Congratulations to Joyce F. for correctly identifying last week’s “What Is It!” on the Ames Free Library’s Facebook page. This surrealistic creature is, indeed, a spicebush swallowtail caterpillar.
From this angle, the caterpillar has a giant head with intimidating eyes. We are looking at false eyespots on the animal’s thorax. Its tucked-under head is small, not to mention its minute eyes. From a predator’s perspective, the larval swallowtail presumably looks like a small snake, especially when its primary color is green. Our caterpillar had recently changed color because it was almost ready to pupate.
Ryan Hagerty, Public domain, via Wikimedia Commons
At this stage, the insect hides by day and feeds at night. It creates a safe daytime shelter by making a leaf tube held together by silk. According to Caterpillars of Eastern North America by David Wagner, the caterpillar always rests “with the head up.” A potential predator such as a bird would see those startling “eyes” – and think twice. Wagner suggests that this species might be “the best snake mimic in North America.”

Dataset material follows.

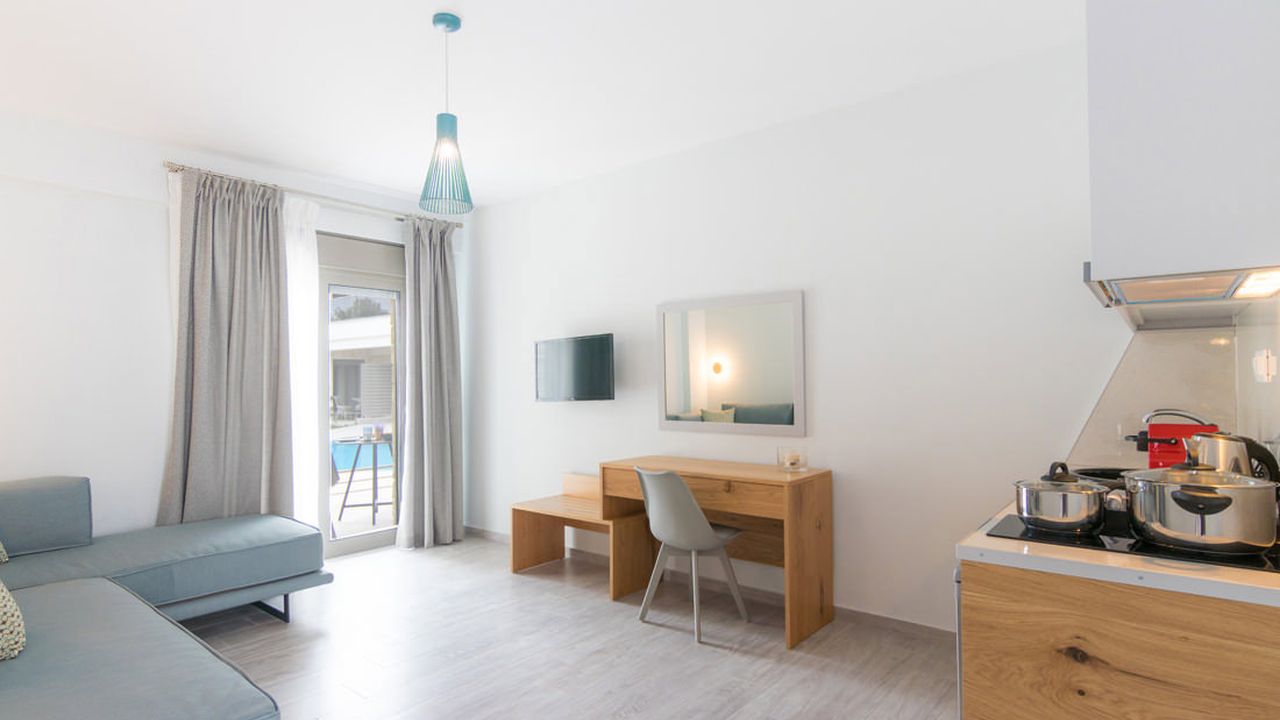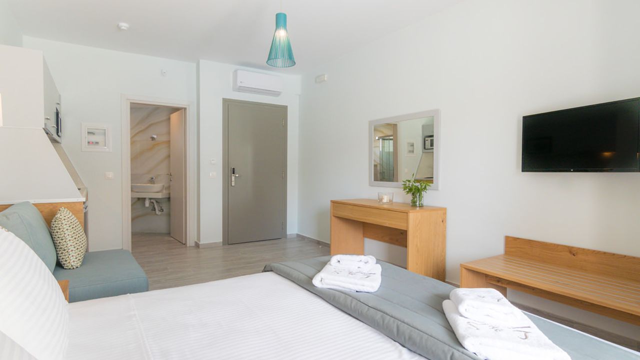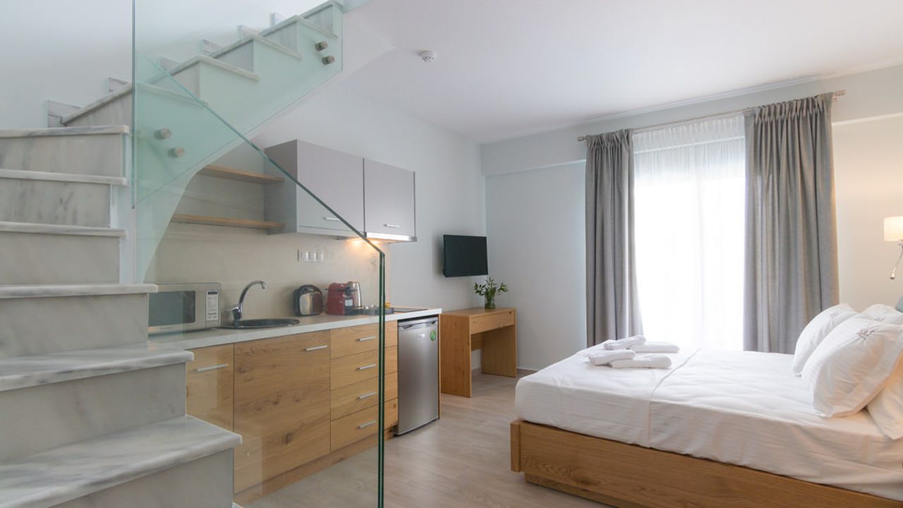 - Первый этаж, где будут построены 9 полностью оборудованных апартаментов (8 однокомнатных студий с душевой и 1 двухкомнатный апартамент).
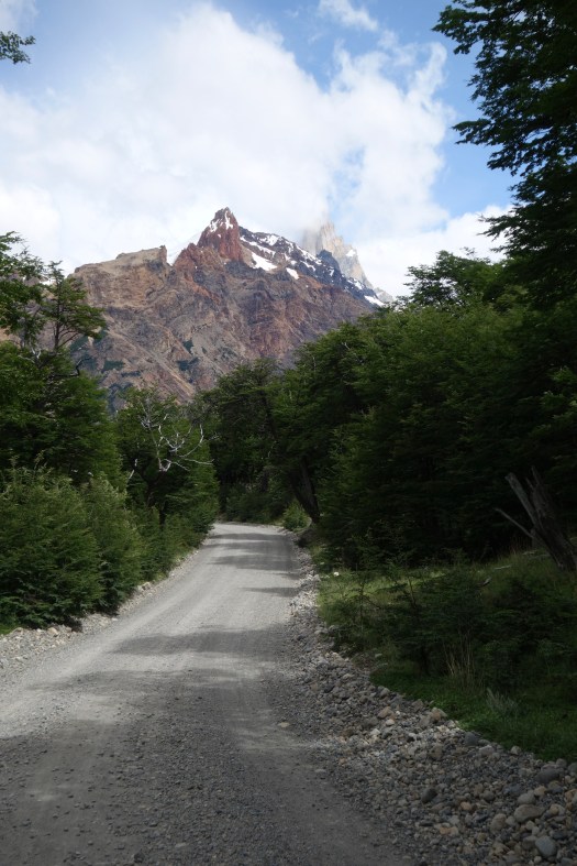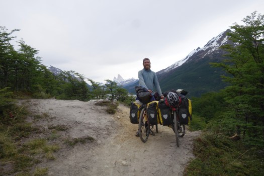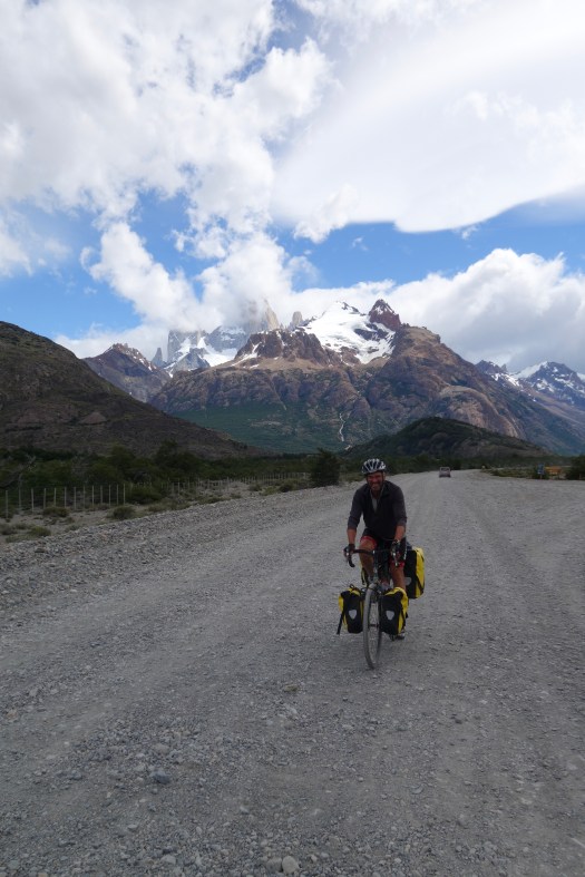 A less than nutritious lunch combined with a humbling headwind and bone-jarring corrugations made for a tough afternoon. Dad really struggled, voicing his opinion several times that this was the most difficult riding of the entire trip. The numbers said it all, with the final 30 kilometres taking almost three hours. We stopped briefly to chat to a fit and friendly Polish couple who were walking back to town after a few days out in the mountains. We made the most of a short rest and interesting conversation before continuing, grateful that we would be drinking a cold beer long before they arrived in town under the weight of their packs. The Las Vueltas River valley that we’d been following all afternoon gradually began to narrow as the hills closed in on either side. Seemingly out of thin air, we turned a corner to discover the town of El Chalten nested between cliffs on the opposing banks of the river. A main street dissected the town and any urban sprawl was strictly dictated by the geography. The sight and sensation of asphalt was indescribable. It was the silence beneath my tires that alerted me to the changed surface, prompting us to reflect on the last time we’d ridden on a sealed road. It was more than 500 kilometres ago.

Soft-bodied and rich in protein, caterpillars must avoid becoming someone’s dinner. The spicebush swallowtail uses a different protective coloration at hatching and through its first few molts. The early “instars,” the stages between molts, look like bird droppings: brown, white, and unappealing. This convincing disguise allows the baby caterpillars to live unhindered on the leaf’s upper surface. Visit “Featured Creatures” by the University of Florida to view images of the entire life cycle.
After receiving the “What Is It!” photo from our reader, Lorraine P., I really wanted to see one of those snake-mimic caterpillars, but time was running out. Busy with work, I never found a chance to visit appropriate habitats; and then I left for vacation. I made one last attempt yesterday by visiting the Hockomock swamp, where spicebush, one of its primary host plants, grows.
Wearing office clothes and sandals, mobbed by mosquitoes and biting flies, I examined spicebush leaves for caterpillars – without success. My efforts were soon rewarded with the sight of a large, dark butterfly. It traveled along the cart path, landing on the roadside vegetation: arrowwood viburnum, winterberry holly, and Virginia creeper, as well as spicebush. I saw an arc of green iridescence on its hind wings and pale spots along the margins. Could it be? Yes, and the photos confirmed my hopes. This lovely male spicebush swallowtail appeared just in time!
Like all caterpillars, this species eats, grows, sheds its skin, and eats some more until it transitions to adulthood through pupation. The adult butterfly is a brief phase in the insect’s life cycle, but it is most conspicuous and perhaps most delightful to humans.
If you wish to observe these insects as larvae or adults, there is still time, for they produce two broods here in eastern Massachusetts. In our area, the caterpillars feed almost exclusively on two aromatic plants: spicebush and sassafras. Spicebush grows in damp forests and floodplains. I often find it along streams. “Sassafras is a pioneer tree that spreads to semi-open areas with reduced competition,” according to Illinois Wildflowers. Look for it along forest edges, roadsides, abandoned farm fields, and similarly disturbed habitats.
Learn to identify sassafras and spicebush in the off-season to scout them out as possible larval feeding grounds when warm weather arrives. The female butterflies will return to these woody plants to lay their eggs. Otherwise, the adults (butterflies) will be nectaring in open woodlands and borders. Some of their preferred nectar sources – jewelweed, Joe-Pye weed, and sweet pepperbush – grow near the Hockomock Wildlife Management area’s entrance.
KATHERINE WAGNER-REISS, CC BY-SA 4.0
Once you do find swallowtails, look closely. Better yet, use binoculars. The butterflies you observe may differ from the image above. Female spicebush swallowtails have a bluish tone to their hindwings; males exhibit a greenish hue. Moreover, several other swallowtail species have light spots on a dark background. Consult a good field guide like Butterflies Through Binoculars before heading out, and bring some photos home to ID. You may not find your quarry, but you will discover something fascinating and beautiful.
Thanks again to Lorraine P. for her photos and curiosity.